- **EXERCISE REQUIREMENTS**:
Word for word, set down the lines from the one that holds "Durante todo o" through the final line of the listing below, and exclude every picture.

- **THE RECORDS**:
##############################

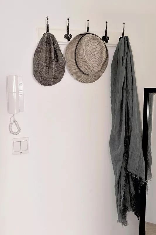 户型结构问题,这些是入户进来正对着一面墙应该算是玄关吧,比较有装饰性的黑白挂钩,不仅仅方便也是丰富了玄关的格局。
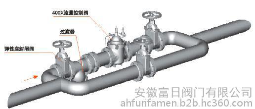 400X流量控制阀,是一种采用高精度先导方式控制流量的多功能阀门。适用于配水管需控制量和压力的管路中,保持预定流量不变,将过大流量限制在一个预定值,并将上游高压适当减低,即使主阀上游的压力发生变化,也不会影响主阀下游的流量。该阀一改常规节流阀使用孔板或纯机械的减小流域面积的原理,利用相关导阀**地减小能量在节流过程中的损失。该阀控制灵敏度高,安全可靠,调试简便,使用寿命长。
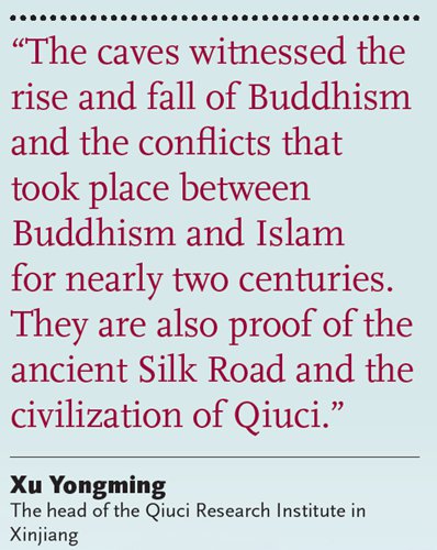 During the thousand years after their completion, the caves witnessed the rise and fall of Buddhism and the conflicts that took place between Buddhism and Islam for nearly two centuries. They are also proof of the ancient Silk Road and the civilization of Qiuci, Xu Yongming, head of the Qiuci Research Institute in Xinjiang, said at a seminar on the Kizil Caves in October 2015.
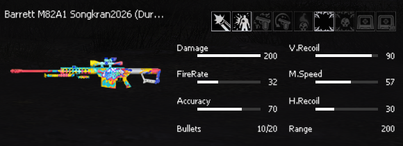 Players must collect 500 Bullet Tokens for guarantee the "Barrett M82A1 Songkran26 (Durability)".
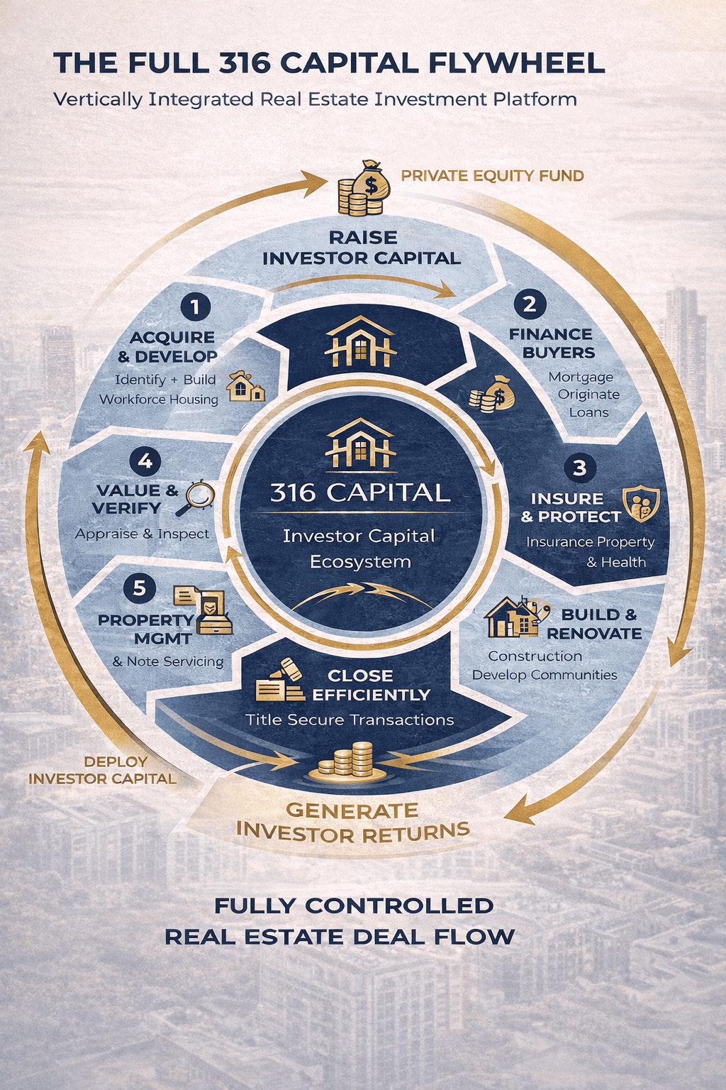316 Capital operates across the full lifecycle of residential real estate and financial services. From financing and construction to insurance, title, and long-term asset management, we control every major component of the value chain—reducing risk, increasing margins, and maximizing impact.
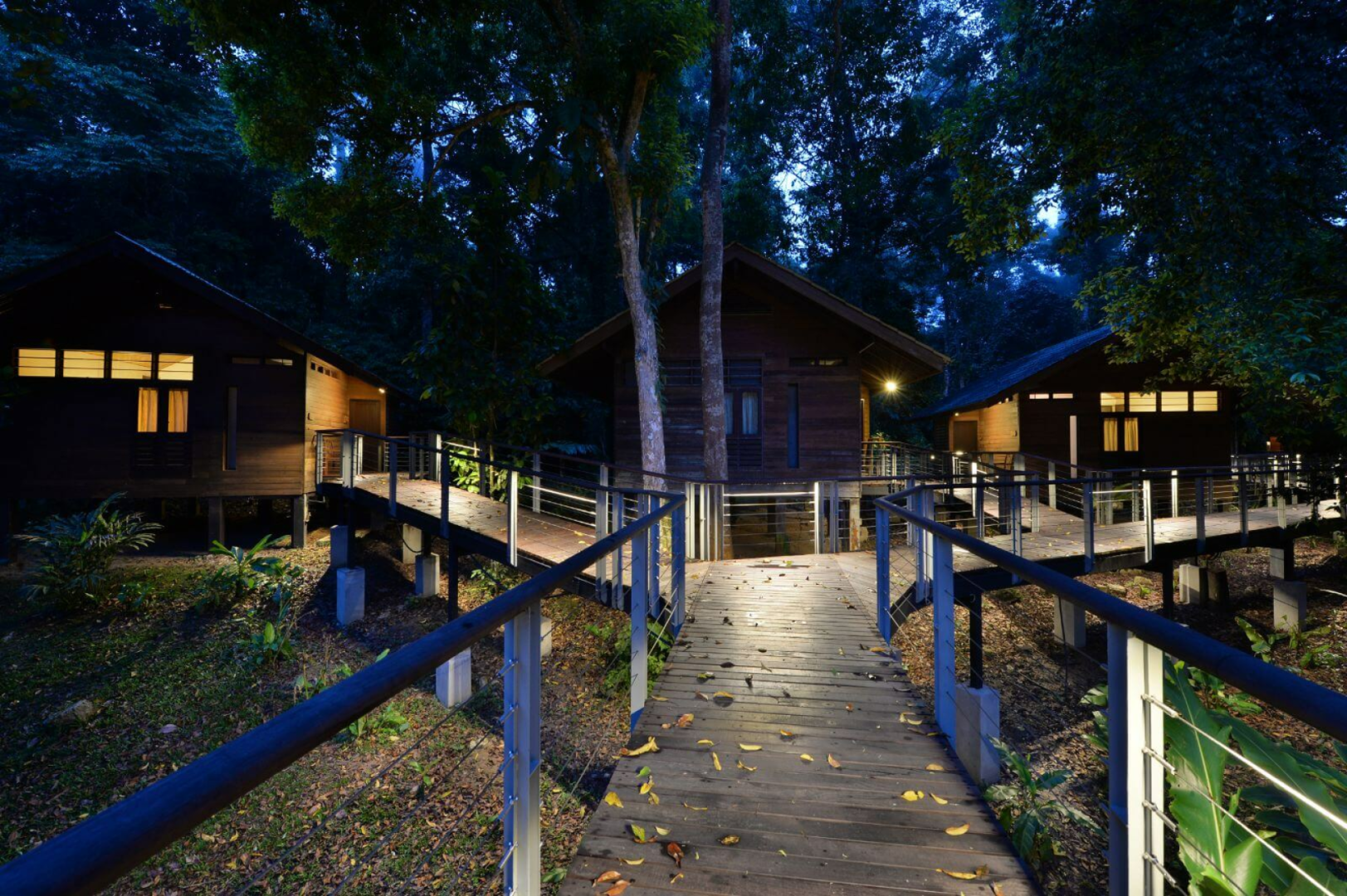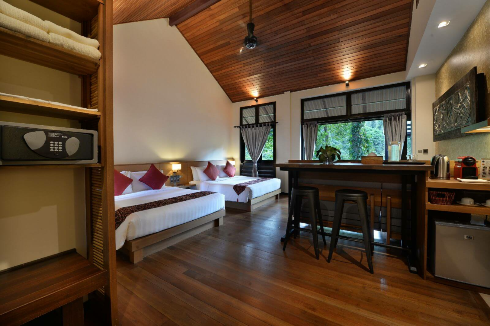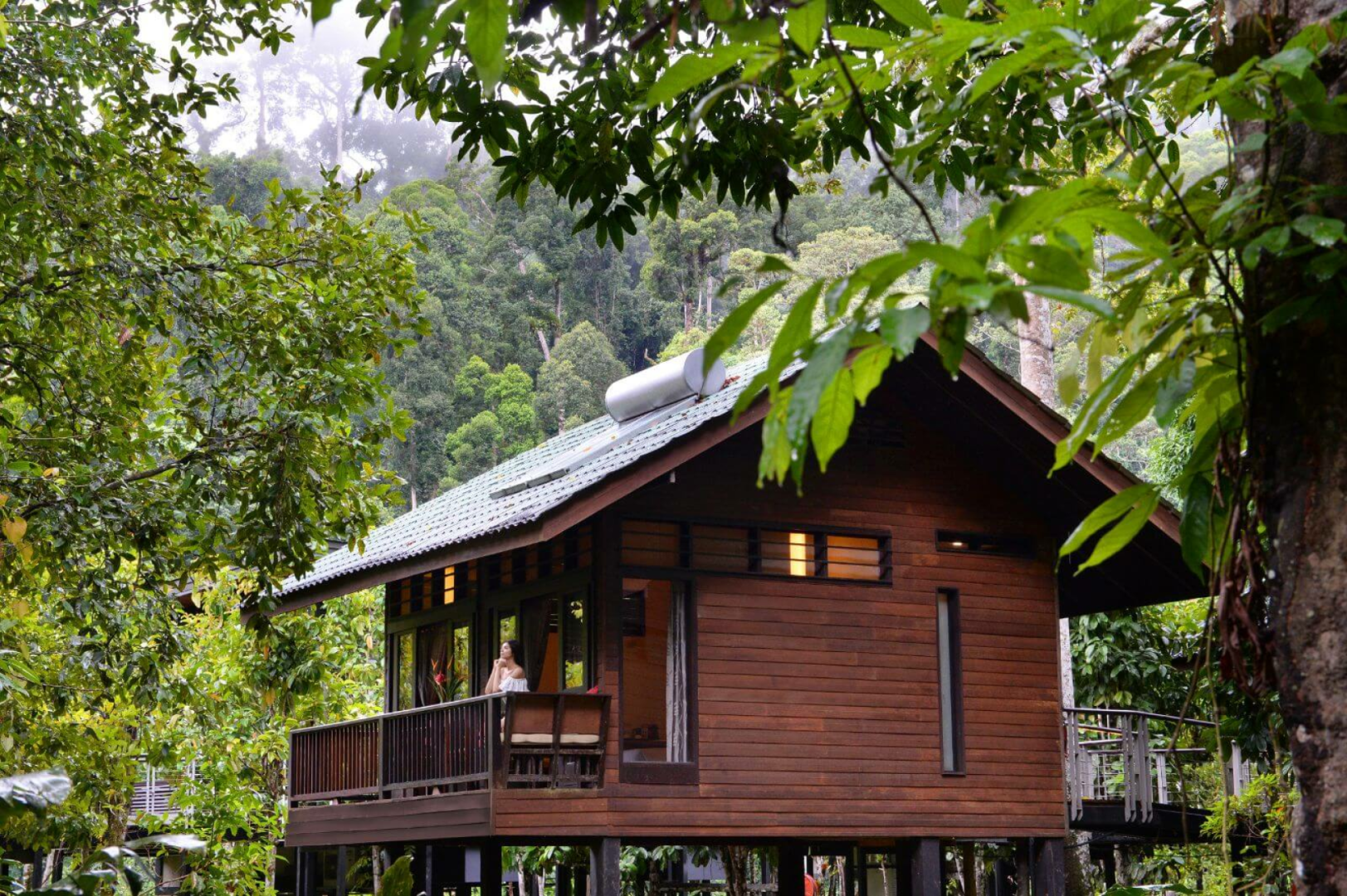 Der Komplex besteht aus insgesamt 23 Holz-Chalets zwei verschiedener Kategorien, die sich auf Stelzen über den Boden erheben und Platz für jeweils zwei Wohneinheiten bieten. Die etwas besseren Deluxe-Zimmer sind größer, blicken auf den Fluss und sind mit einem Outdoor-Whirlpool ausgestattet.
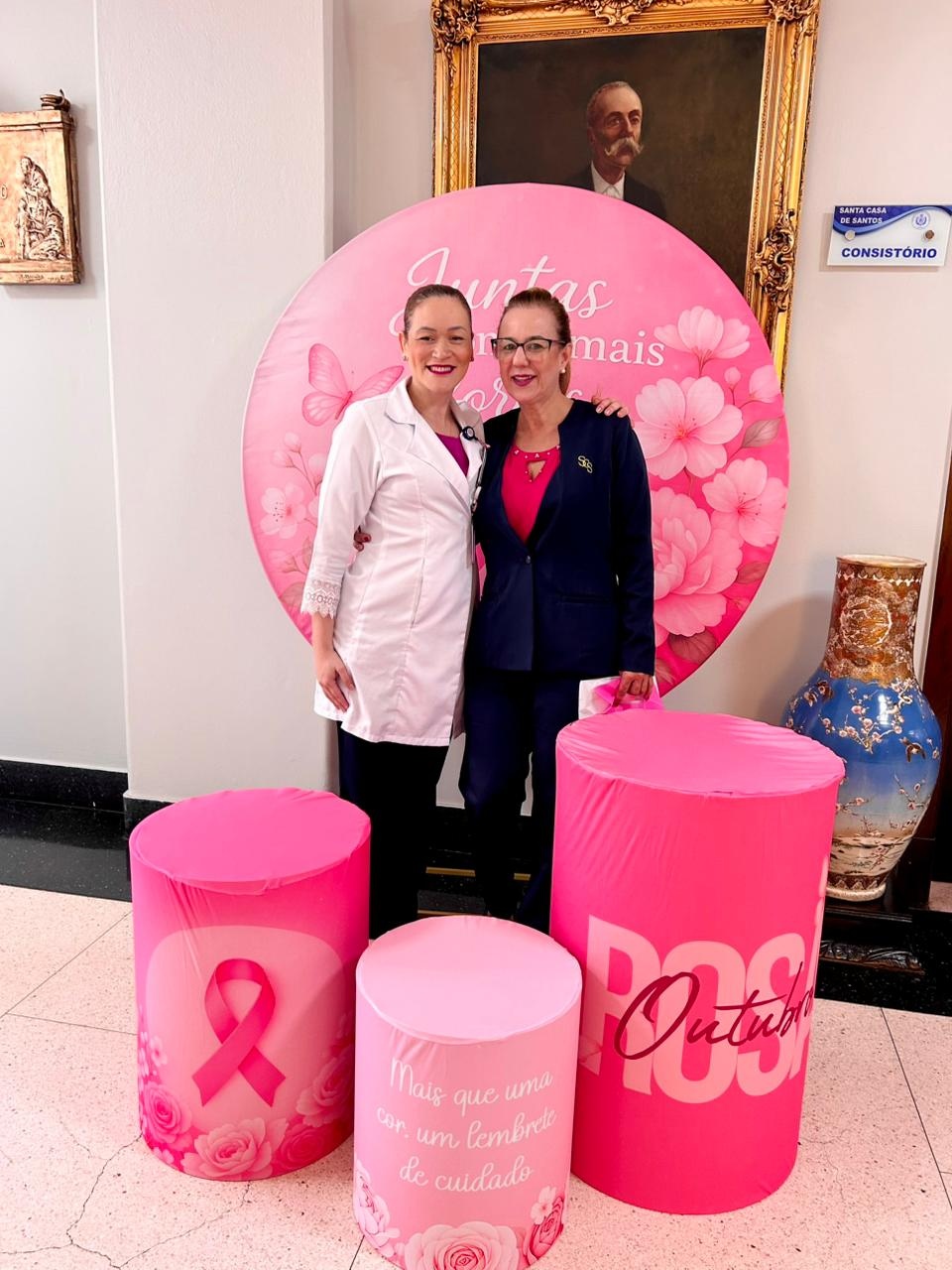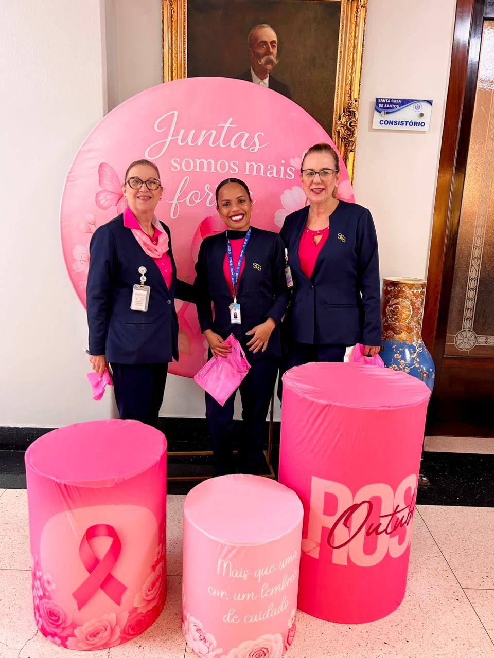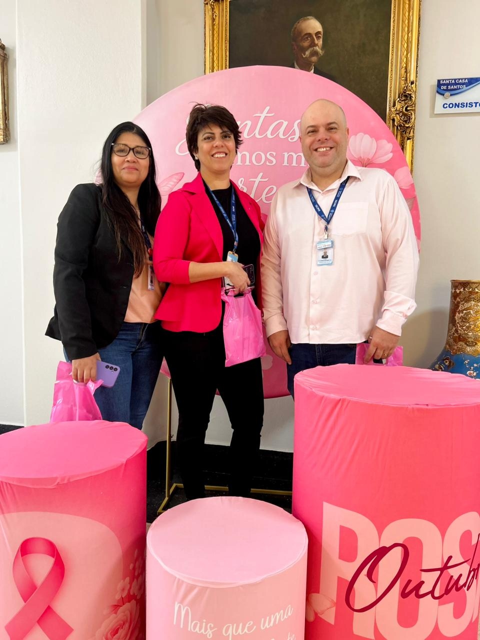 Durante todo o evento, os colaboradores da Santa Casa vestiram camisetas rosas, demonstrando apoio à campanha e reforçando a mensagem de conscientização. Muitos também compartilharam o momento em suas redes sociais, marcando o perfil oficial @santacasadesantos, ampliando o alcance da iniciativa.
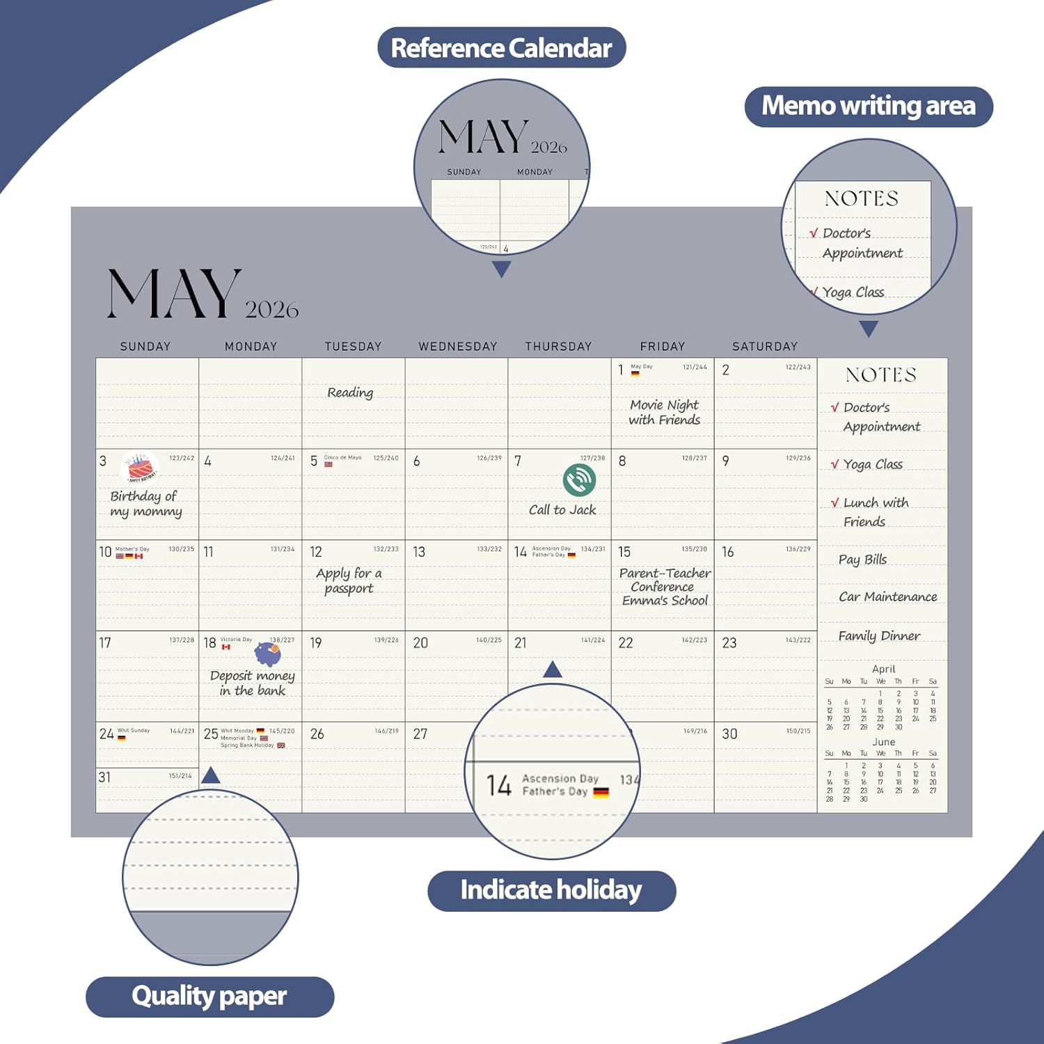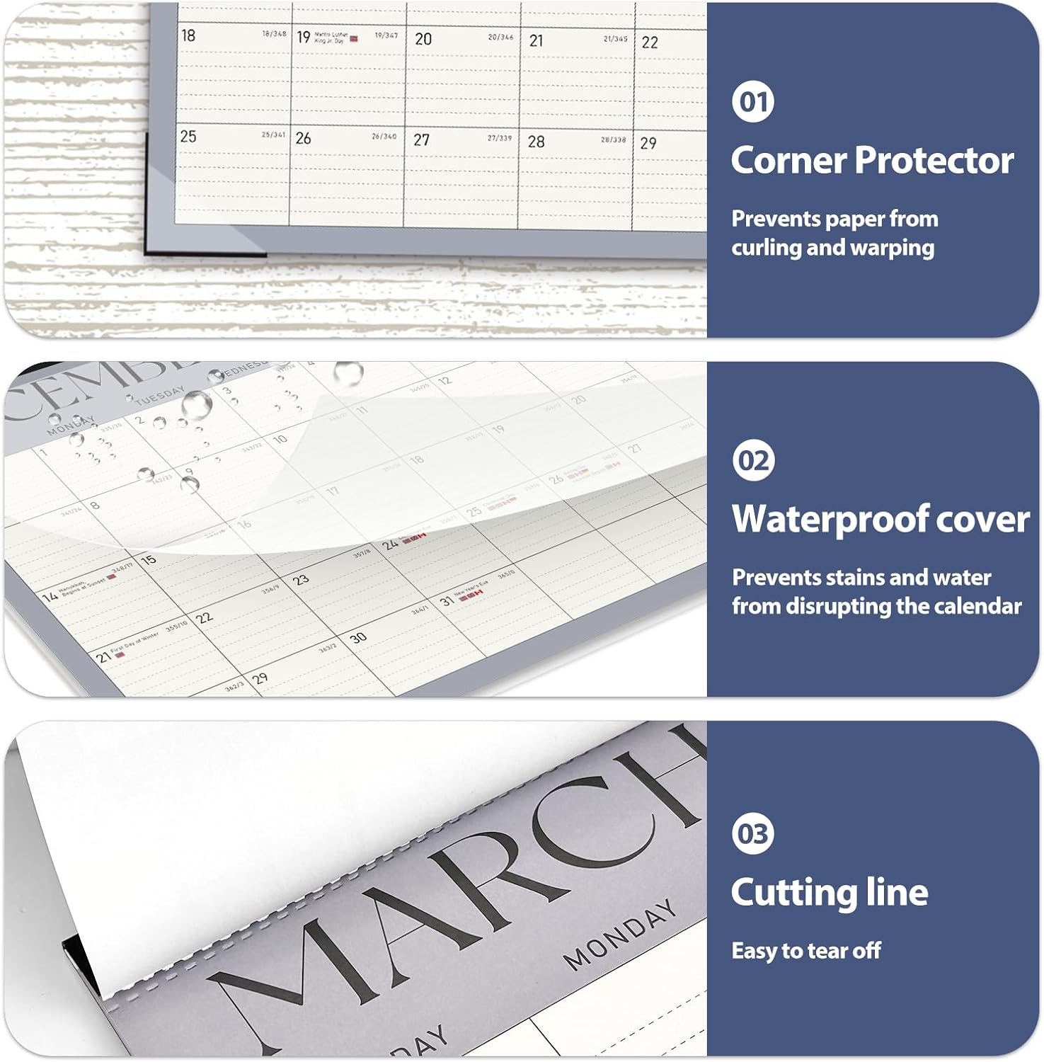 • [QUALITY THICK PAPER] -Crafted with thick paper, the calendar prevents ink bleed-through, keeping the surface neat and tidy for a clear and pleasant view. Our calendar is printed on FSC-certified wood-based paper.

##############################

- **ANSWER SPACE**:
 Durante todo o evento, os colaboradores da Santa Casa vestiram camisetas rosas, demonstrando apoio à campanha e reforçando a mensagem de conscientização. Muitos também compartilharam o momento em suas redes sociais, marcando o perfil oficial @santacasadesantos, ampliando o alcance da iniciativa.
 • [QUALITY THICK PAPER] -Crafted with thick paper, the calendar prevents ink bleed-through, keeping the surface neat and tidy for a clear and pleasant view. Our calendar is printed on FSC-certified wood-based paper.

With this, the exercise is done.